Essen. Immer mehr Städte schaffen Parkplätze ab und verwandeln Autospuren in Radwege. Auch in NRW soll Verkehr nachhaltiger werden. Was das bedeutet.
Allen Nachhaltigkeitsversprechen und Klimaschutzvorgaben zum Trotz kann die Metropole Ruhr nicht vom Auto lassen. Fast fünf Millionen Menschen pendeln laut Daten des Statistischen Landesamtes in NRW täglich zur Arbeit, 70 Prozent davon immer noch mit dem eigenen Pkw - aus Bequemlichkeit oder mangels echter Alternativen. Gesucht werden Lösungen für die massiven Verkehrsprobleme im größten Ballungsraum Deutschlands. Doch Antworten darauf scheinen an Rhein und Ruhr ferner denn je.

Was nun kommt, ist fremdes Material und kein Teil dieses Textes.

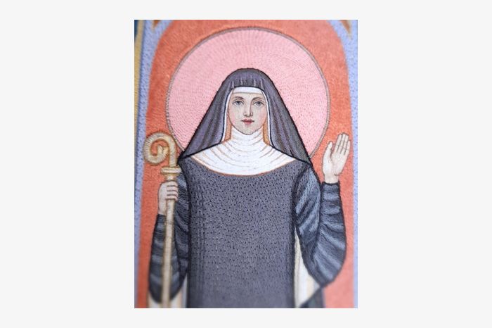 Detail der Stickarbeit auf einer Dalmatika mit der Darstellung der hl. Gertrud. (c) Kongregation der Schwestern vom Göttlichen Erlöser, Wien
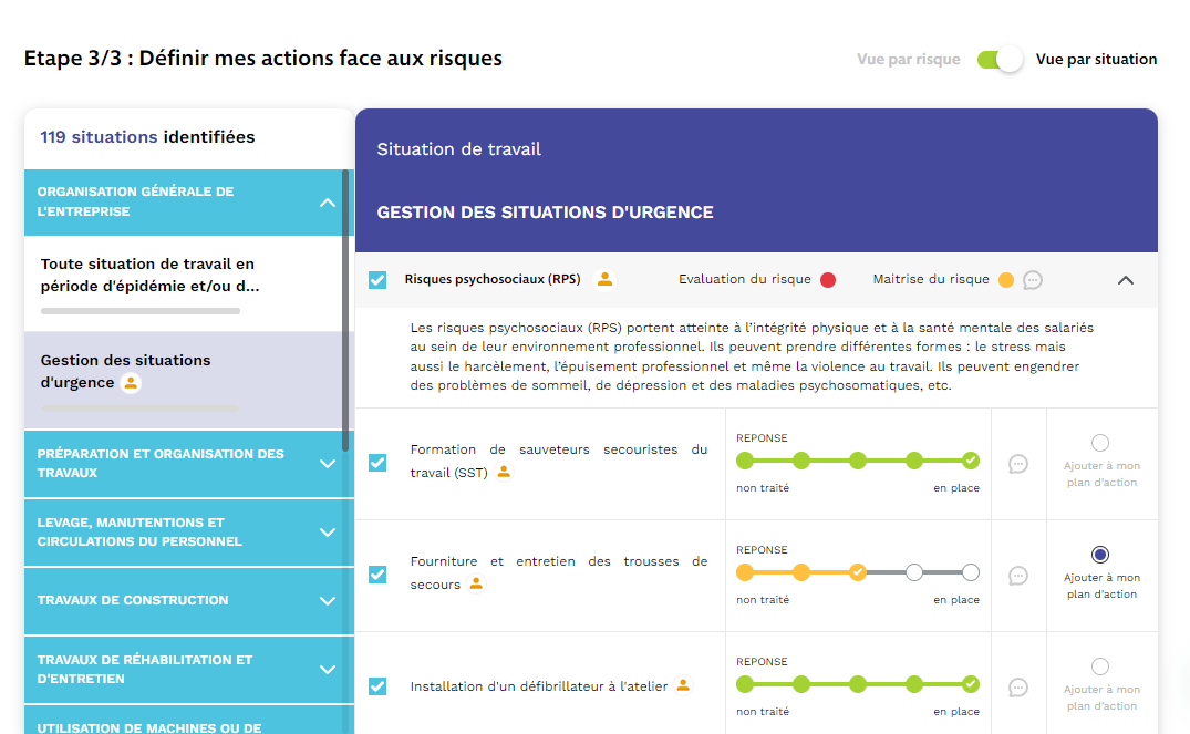 Tout comme pour la formation des SST, les actions liées à la fourniture de trousse(s) de secours ou d'un défibrillateur n'existent pas encore en tant que telles dans notre outil. Ces actions intéressantes consistent à rassurer les collaborateurs sur la possibilité d'intervenir en cas de besoin.

Fünf Millionen pendeln, 70 Prozent mit dem eigenen Auto
Der Ausbau des Öffentlichen Nahverkehrs oder der Radwege scheitert seit vielen an den leeren Kassen der Kommunen oder an einem Straßenverkehrsrecht, vor dessen komplizierten Vorgaben die Verkehrsplaner in den Städten kapitulieren. Die Gründe für den immerwährenden Stau liegen aber auch in einer Verkehrspolitik, die immer noch Autos privilegiert, sagt Mobilitätsforscher Thorsten Koska vom Wuppertal Institut für Klima, Umwelt, Energie. So würde er den Umbau von autogerechten zu menschengerechten Städten anpacken.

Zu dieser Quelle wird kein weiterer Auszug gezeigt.